PHOENIX — Arizona officials are jumping back into a persistent, yet debunked controversy over President Barack Obama’s birth certificate and his eligibility to hold office.
A legislative committee on Wednesday endorsed a proposal that requires presidential candidates to swear that they meet the qualifications to be the nation’s chief executive.
And the Arizona secretary of state is expected in the coming days to call for candidates to complete a new form asking eligibility questions, including whether they are natural-born U.S. citizens.
The widely disproved notion that the president was born abroad rather than in Hawaii, as state officials have repeatedly confirmed, comes up regularly in Arizona. Most recently, the man known as “America’s Toughest Sheriff” released a report from a volunteer posse challenging the authenticity of the president’s birth certificate.
Senate approves $109 billion transportation bill
WASHINGTON — The U.S. Senate on Wednesday approved a two-year blueprint for transportation that gives states greater spending flexibility, allows the federal government to set minimum safety standards for subway systems and buys time to find a solution for a funding system teetering on the verge of bankruptcy.
The bipartisan bill was approved 17 days before current transportation funding and authority to collect the federal gas tax that support it are due to expire. After efforts to move a House transportation bill stalled last week, the Senate bill may hold the only chance that legislation reaches the White House before the deadline.
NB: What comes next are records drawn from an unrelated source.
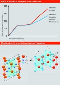 Viessmann, premier fabricant français de capteurs solaires thermiques avec son usine mosellane de Faulquemont, a en effet développé et breveté, en collaboration avec l’Institut de recherche Jean Lamour de Nancy, le Vitosol 200-FM à revêtement ThermProtect. Ce capteur solaire thermique ingénieux utilise l’effet “thermochrome”.
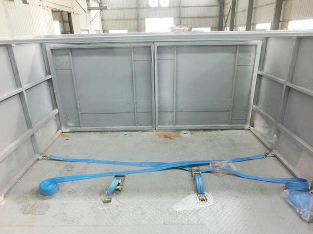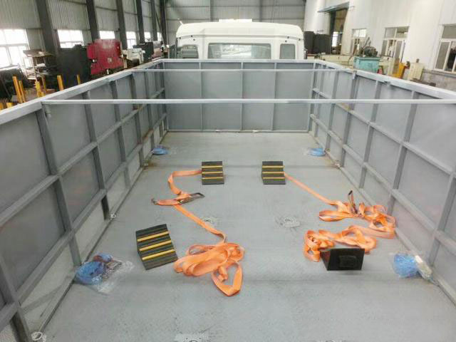2)上裝配置:廂長6.6米,廂體采用外冷軋板內框架,采用槽鋼連接方管焊牢加固,廂體側板上面帶一次性沖壓成型百葉窗,側板下面帶網眼透氣孔,底板5mm厚鋼板,底部上鋪防靜電膠皮,后門安裝防盜報警器,帶危險品三角燈防火罩。
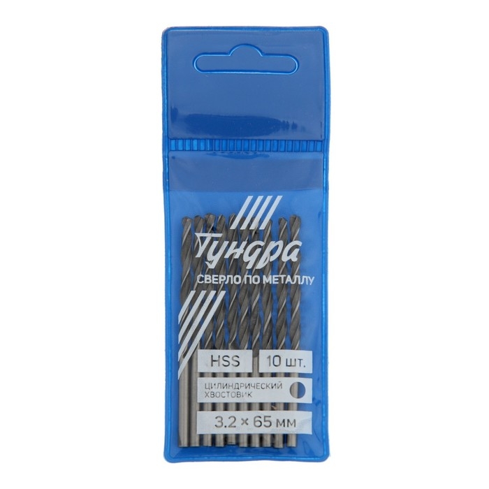 Сверло по металлу ТУНДРА, HSS, цилиндрический хвостовик, 3.2 х 65 мм, 10 шт.
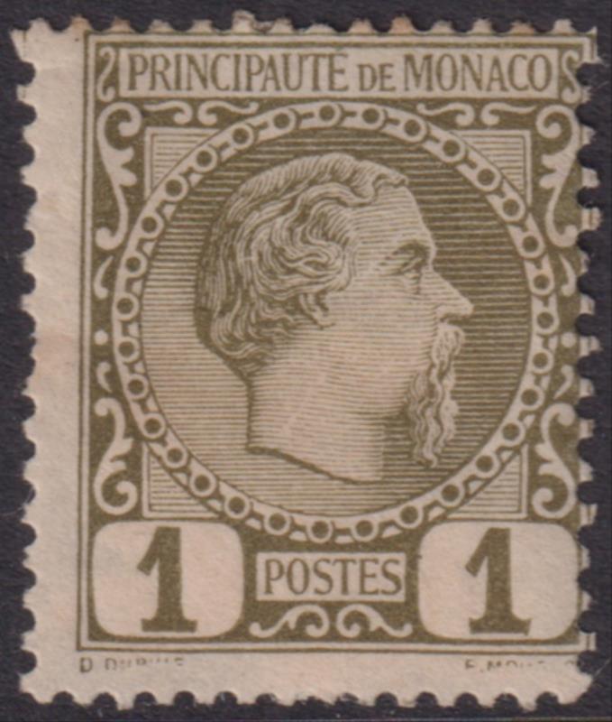 Monaco 1885 1c Prince Charles III olive, adhesion. SG 1. Cat £33. Mint. (Image)
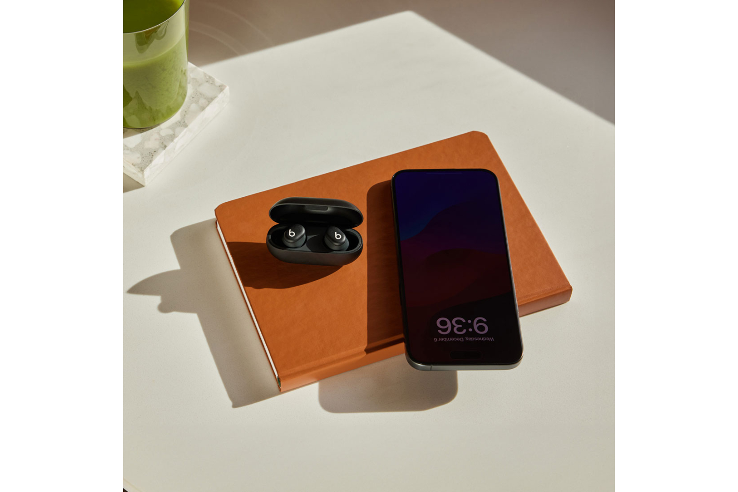 1. Testing conducted by Apple in April 2024 using preproduction Beats Solo Buds units and software paired with iPhone 15 Pro units and pre-release software. The playlist consisted of 358 unique audio tracks purchased from the iTunes Store (256-Kbps AAC encoding). Volume was set to 50%. Testing consisted of full Beats Solo Buds battery discharge while playing audio until the first unit of Beats Solo Buds stopped playback. Battery life depends on device settings, environment, usage, and many other factors.

It won broad support, passing on a vote of 74-22.
The Senate bill boils down the number of federal transportation programs from about 90 to fewer than 30, gives states money for projects that ease congestion and air pollution, increases highway safety funding, cuts red tape that delays projects and expands a federal program that provides loans and loan guarantees that encourage private investment.
Swiss bus crash kills 28, including 22 children
SIERRE, Switzerland — A tour bus carrying schoolchildren home from a class trip slammed head-on into a tunnel wall in the Swiss Alps, killing 22 Belgian students and six adults and instantly changing a joyous skiing vacation into a tragedy spanning two European nations.
Police said the bus was not speeding and everyone aboard had been wearing seat belts when it crashed late Tuesday inside the1.5-mile Tunnel de Geronde on a highway near the southern town of Sierre, a gateway to the Val d’Anniviers tourist region. No other vehicles were involved.
Belgian authorities flew anxious parents and relatives to the site and called for a day of mourning. The Swiss parliament held a minute of silence for the victims.
Saudi oil chief pledges to offset shortfalls
KUWAIT CITY — Saudi Arabia’s top oil official said Wednesday his country and other oil exporters are ready to offset any shortfalls in supply, as fears of a showdown with Iran over its nuclear program help drive prices higher.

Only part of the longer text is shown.